A long term strategy to optimize talent and capital should look like this:

  • Capital Generation. Some industries are easier for starting a company, others are less so. Independently (I suspect), some industries have higher ROA or ROE than others, or in other words, need less capital to generate a given return. We should choose the easier industry with the higher ROA or ROE because our sole purpose at this phase is merely mindless capital accumulation. The talent that we need should also be the normal talent that is usually available at the labor market. We have no need more niche specialist, at least not yet at this phase
  • Talent-generating Capital. We should invest the accumulated capital to develop talent that directly benefit us. Two reasons to support this proposition. First, there is a clear market need for such kinds of talents, so we would not misallocate limited capital for developing useless talent, or the wrong talent for the wrong place and the wrong time. Second, it is easier to convince the gatekeepers to green-light such initiatives. Although we might be the capital holder, we are still accountable to the board of directors, especially if our stake has been diluted along the way in raising capital for our ventures. The talent to be developed will yield short- to medium-term benefit the board of directors personally either in terms of dividends or capital appreciation from the improved profit of our corporations.
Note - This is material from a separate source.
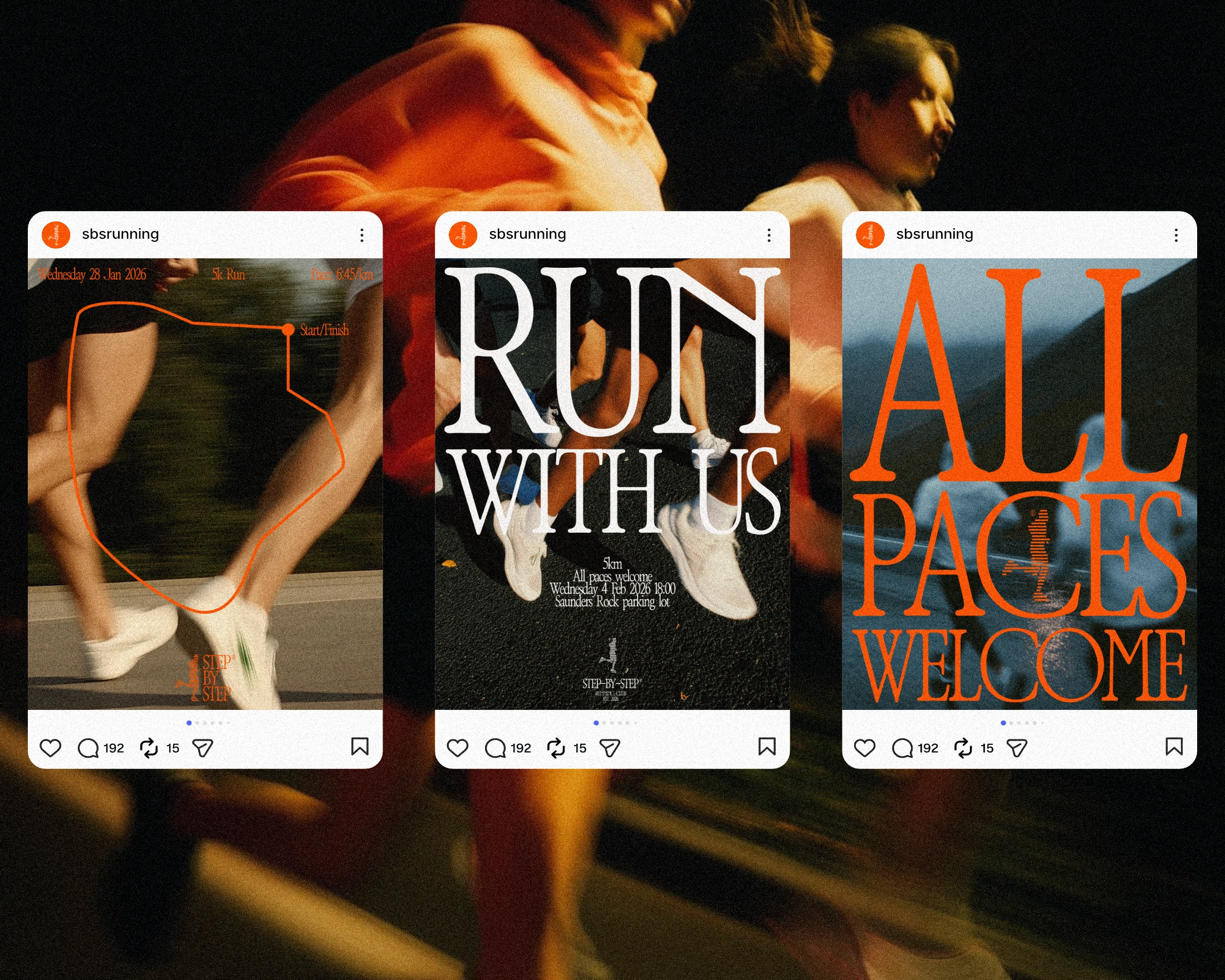 Step-by-Step is a community-driven running club built on the idea that progress happens gradually—through pace, rhythm, and consistency. The brand focuses on supporting runners of all levels, encouraging members to grow together and celebrate small wins along the way.

  • Talent Diversification and Moonshots. We will then try do diversify our talent base. We should start covering talent base that is not directly benefiting our current business. We will do that by funding the education and training of talents in sectors that we are not yet operating in, as well as provide funding for the educated and trained graduates to experiment in the real world to gain experience. Think of it similar with Manhattan Project or Bell Labs. There are two reasons for this goal. First, by this time our core business should already mature and we have to search for new avenues for growth. Investing in these moonshots can sustain our business for multiple decades ahead. Second, developing talent need an immersive environment. We are basically subsidizing them to obtain experience in the simulated future-state of the world by working in our moonshot projects. Along the way, they are also developing themselves as highly-skilled and experienced talent ready to be deployed elsewhere. Fundamentally, we are accumulating our national talent reserve the same way we are accumulating our capital reserve, although developing talent reserve is trickier because talent is not as fungible as capital.
  • Beyond Shareholder Value. As our talent infrastructure grows, our talent can be deployed elsewhere. Our highly-skilled and highly educated, experienced, seasoned, and battle-hardened talent can take their post either in our company/conglomeration, the public sector, and the non-profit sector to solve the talent-constrained problem.

Essentially, developing talent cannot be done by simply throwing money. Money should be the fuel and the grease to the machine, but the machine itself has to be carefully construct so the fuel and grease can properly move the machine to produce the desired output.